--- Task description ---
Give back the exact lines of the material below from the one containing "Порядовка кирпичного барбекю" through the one containing "画面下のメニューは、見慣れた", and no pictures.

___ Available data ___

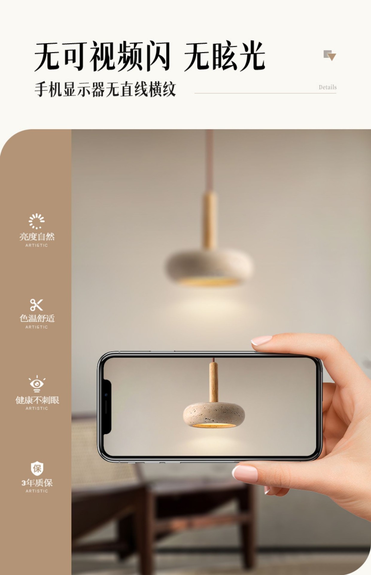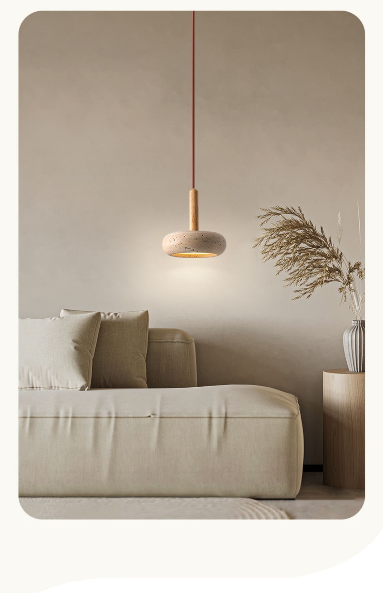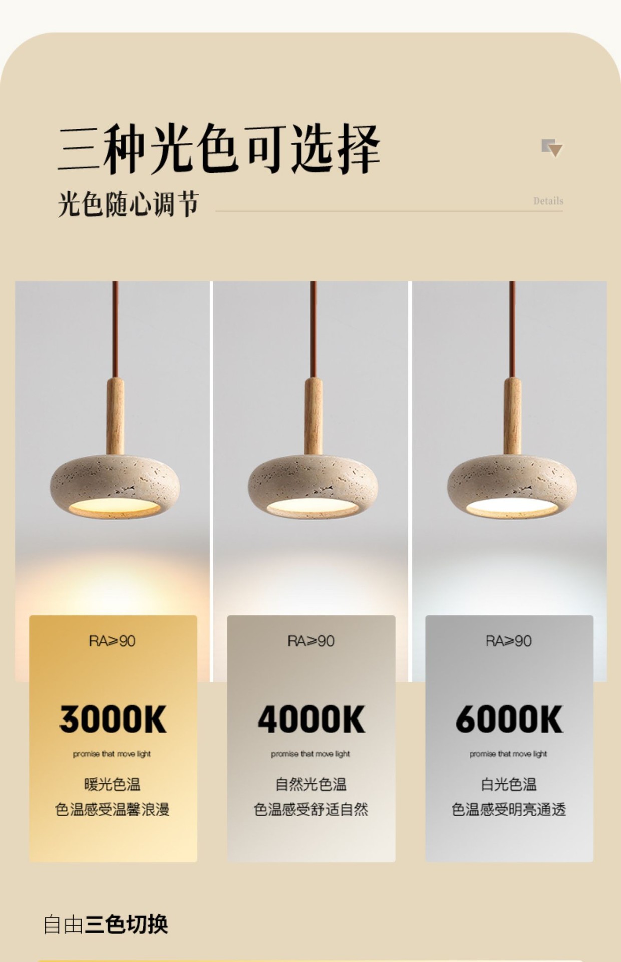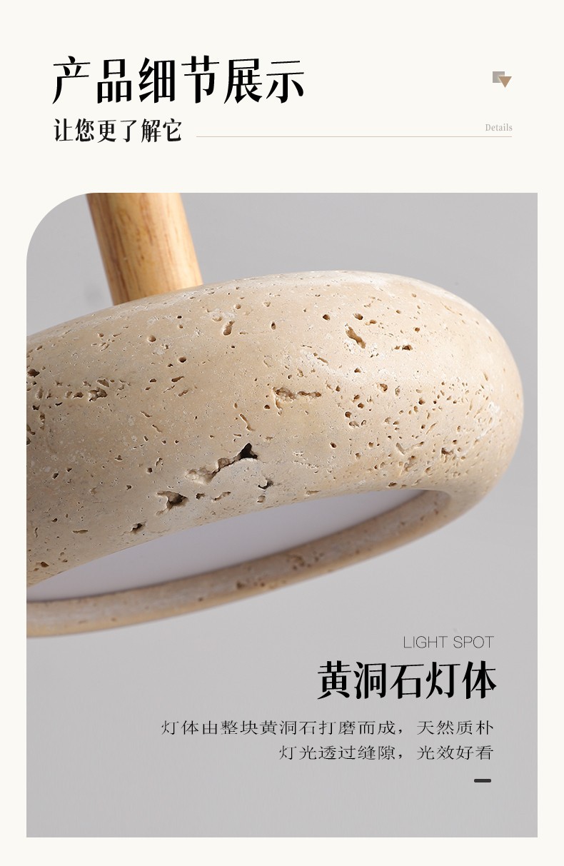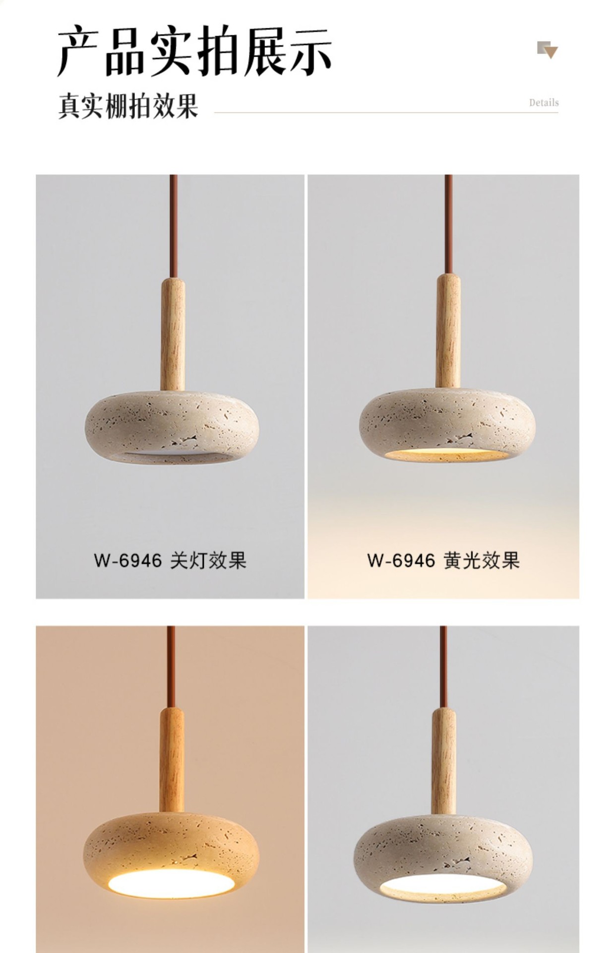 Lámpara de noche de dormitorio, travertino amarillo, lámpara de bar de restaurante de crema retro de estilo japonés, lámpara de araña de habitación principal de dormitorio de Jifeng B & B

___
___ Available data ___

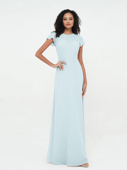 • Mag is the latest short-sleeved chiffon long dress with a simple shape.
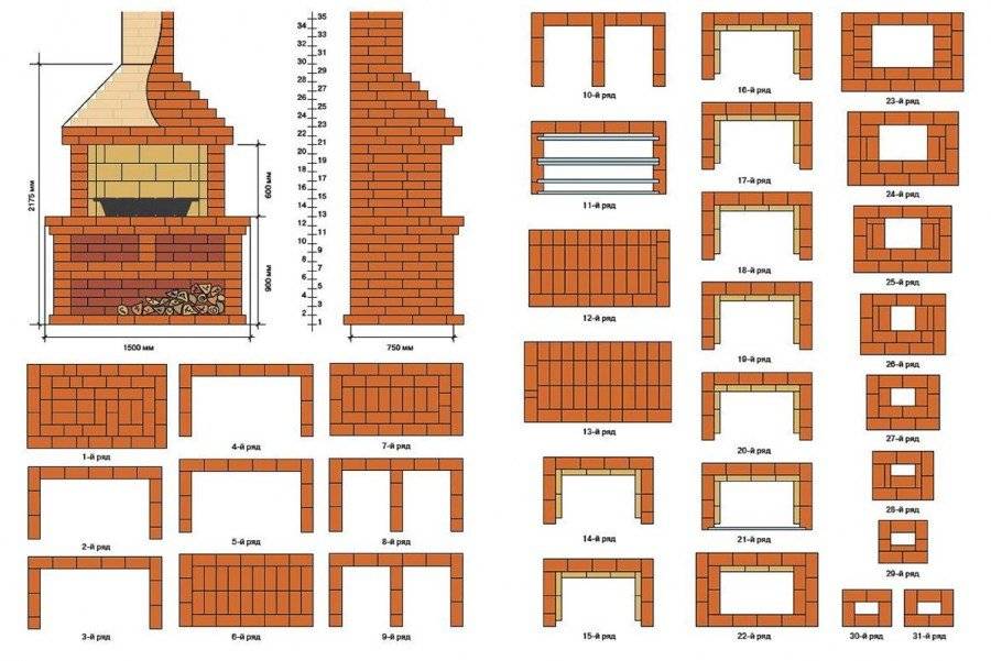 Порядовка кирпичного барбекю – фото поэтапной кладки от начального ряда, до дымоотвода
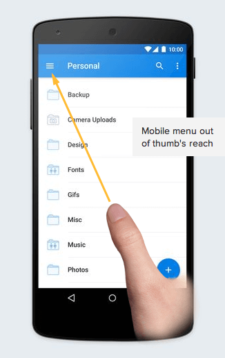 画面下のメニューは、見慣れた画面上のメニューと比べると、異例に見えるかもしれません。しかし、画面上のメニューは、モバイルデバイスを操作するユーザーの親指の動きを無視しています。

___
___ Available data ___

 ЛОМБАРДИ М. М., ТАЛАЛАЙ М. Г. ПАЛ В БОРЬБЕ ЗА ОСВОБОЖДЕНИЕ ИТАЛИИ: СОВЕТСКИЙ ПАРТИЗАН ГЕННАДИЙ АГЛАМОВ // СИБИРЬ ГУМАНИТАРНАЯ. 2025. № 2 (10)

___

--- Solution ---
 Порядовка кирпичного барбекю – фото поэтапной кладки от начального ряда, до дымоотвода
 画面下のメニューは、見慣れた画面上のメニューと比べると、異例に見えるかもしれません。しかし、画面上のメニューは、モバイルデバイスを操作するユーザーの親指の動きを無視しています。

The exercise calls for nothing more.